» **How to complete this task**: Search the records for the word "more" and copy every line in which it occurs.

» **Available records**:

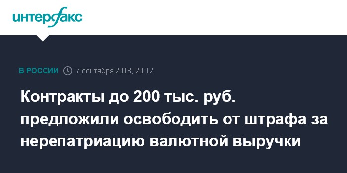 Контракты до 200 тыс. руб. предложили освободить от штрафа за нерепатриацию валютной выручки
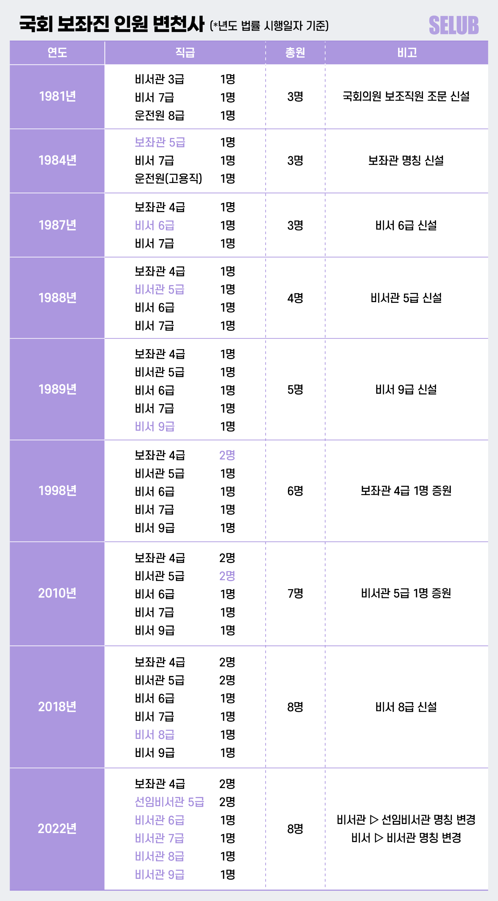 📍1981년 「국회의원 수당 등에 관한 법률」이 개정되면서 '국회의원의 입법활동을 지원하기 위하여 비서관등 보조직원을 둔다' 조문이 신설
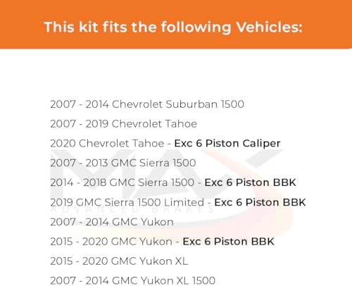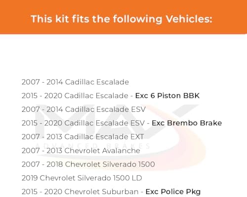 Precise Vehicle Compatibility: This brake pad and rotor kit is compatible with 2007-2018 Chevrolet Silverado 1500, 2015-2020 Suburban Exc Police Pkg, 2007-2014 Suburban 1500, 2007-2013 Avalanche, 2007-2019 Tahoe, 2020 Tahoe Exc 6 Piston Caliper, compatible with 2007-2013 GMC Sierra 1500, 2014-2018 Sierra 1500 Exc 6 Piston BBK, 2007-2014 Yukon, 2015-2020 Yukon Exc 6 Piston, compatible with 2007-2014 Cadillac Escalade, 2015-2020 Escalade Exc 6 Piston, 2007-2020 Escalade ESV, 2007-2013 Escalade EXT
---
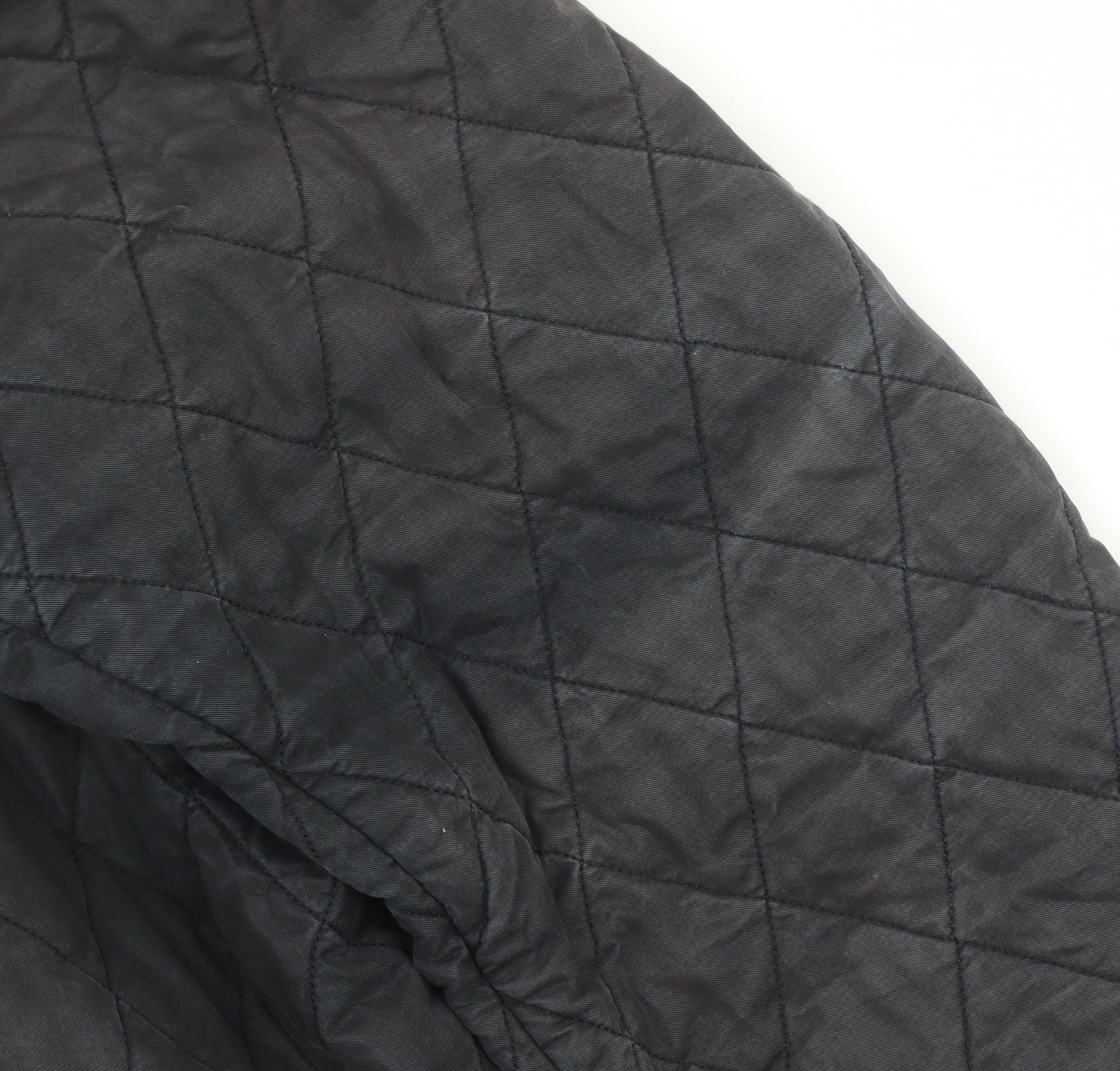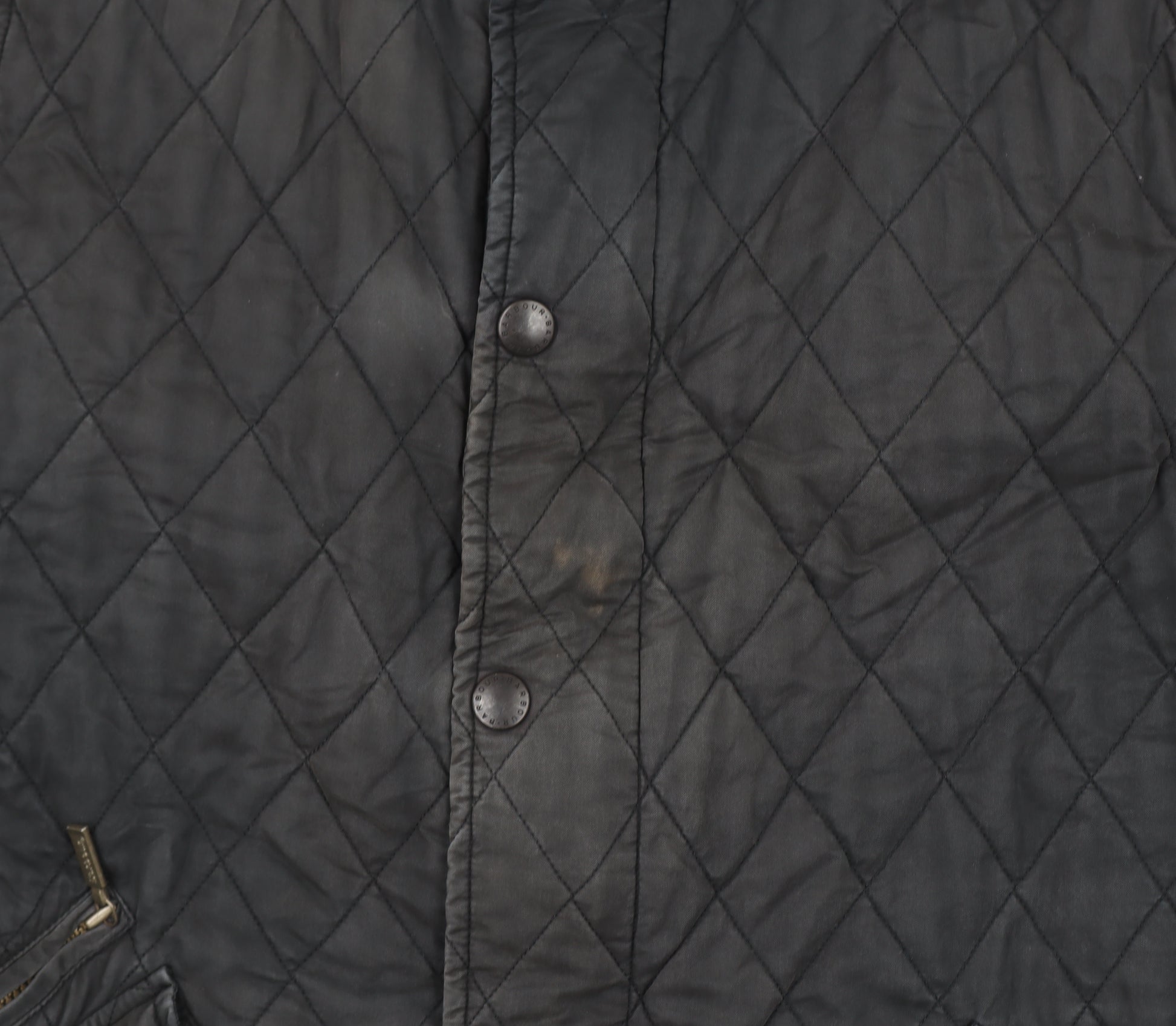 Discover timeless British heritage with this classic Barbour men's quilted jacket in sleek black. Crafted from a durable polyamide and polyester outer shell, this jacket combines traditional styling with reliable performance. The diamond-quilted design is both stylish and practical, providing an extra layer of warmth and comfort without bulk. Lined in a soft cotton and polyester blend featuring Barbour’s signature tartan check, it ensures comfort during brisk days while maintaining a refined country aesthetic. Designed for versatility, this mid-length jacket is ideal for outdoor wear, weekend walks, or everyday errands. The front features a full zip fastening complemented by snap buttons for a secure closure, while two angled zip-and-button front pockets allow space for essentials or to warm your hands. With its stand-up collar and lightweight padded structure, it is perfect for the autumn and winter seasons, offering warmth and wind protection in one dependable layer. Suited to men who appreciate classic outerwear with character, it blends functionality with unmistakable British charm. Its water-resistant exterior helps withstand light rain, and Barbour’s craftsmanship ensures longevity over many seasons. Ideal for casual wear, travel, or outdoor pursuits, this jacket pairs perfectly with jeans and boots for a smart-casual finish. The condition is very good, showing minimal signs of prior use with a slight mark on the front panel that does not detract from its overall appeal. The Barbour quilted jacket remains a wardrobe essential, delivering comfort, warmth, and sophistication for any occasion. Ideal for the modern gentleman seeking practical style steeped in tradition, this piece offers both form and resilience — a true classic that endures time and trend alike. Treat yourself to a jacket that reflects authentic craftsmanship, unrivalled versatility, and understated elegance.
...
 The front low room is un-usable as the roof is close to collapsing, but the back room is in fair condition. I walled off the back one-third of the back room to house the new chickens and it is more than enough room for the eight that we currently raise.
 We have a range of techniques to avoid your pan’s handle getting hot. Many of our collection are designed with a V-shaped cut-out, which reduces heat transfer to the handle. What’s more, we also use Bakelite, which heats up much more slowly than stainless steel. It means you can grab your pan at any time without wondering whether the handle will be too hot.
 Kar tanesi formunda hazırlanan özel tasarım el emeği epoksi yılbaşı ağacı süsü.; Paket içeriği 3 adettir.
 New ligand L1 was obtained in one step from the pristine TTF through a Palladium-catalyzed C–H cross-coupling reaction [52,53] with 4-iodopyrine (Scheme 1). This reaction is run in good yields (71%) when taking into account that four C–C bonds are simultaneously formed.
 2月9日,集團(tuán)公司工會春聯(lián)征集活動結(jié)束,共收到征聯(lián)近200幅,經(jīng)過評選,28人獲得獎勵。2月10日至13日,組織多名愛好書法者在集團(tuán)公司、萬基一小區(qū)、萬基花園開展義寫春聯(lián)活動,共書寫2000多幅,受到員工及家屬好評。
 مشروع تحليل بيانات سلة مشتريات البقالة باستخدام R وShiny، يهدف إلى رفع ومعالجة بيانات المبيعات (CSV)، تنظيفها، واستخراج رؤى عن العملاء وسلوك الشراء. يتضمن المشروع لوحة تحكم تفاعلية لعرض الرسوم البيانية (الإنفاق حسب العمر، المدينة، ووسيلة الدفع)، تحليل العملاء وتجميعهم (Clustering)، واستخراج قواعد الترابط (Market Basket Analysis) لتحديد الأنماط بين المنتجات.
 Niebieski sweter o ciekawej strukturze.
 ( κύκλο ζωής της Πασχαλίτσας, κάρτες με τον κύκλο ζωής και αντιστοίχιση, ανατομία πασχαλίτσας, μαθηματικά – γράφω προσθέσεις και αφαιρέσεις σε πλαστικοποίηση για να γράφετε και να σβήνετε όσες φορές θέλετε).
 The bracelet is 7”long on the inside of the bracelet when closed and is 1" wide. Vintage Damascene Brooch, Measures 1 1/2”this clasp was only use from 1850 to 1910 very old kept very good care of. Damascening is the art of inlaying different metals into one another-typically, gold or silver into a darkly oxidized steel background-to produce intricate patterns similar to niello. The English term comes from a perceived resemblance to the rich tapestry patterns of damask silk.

» **Exercise result**:
 The front low room is un-usable as the roof is close to collapsing, but the back room is in fair condition. I walled off the back one-third of the back room to house the new chickens and it is more than enough room for the eight that we currently raise.
 We have a range of techniques to avoid your pan’s handle getting hot. Many of our collection are designed with a V-shaped cut-out, which reduces heat transfer to the handle. What’s more, we also use Bakelite, which heats up much more slowly than stainless steel. It means you can grab your pan at any time without wondering whether the handle will be too hot.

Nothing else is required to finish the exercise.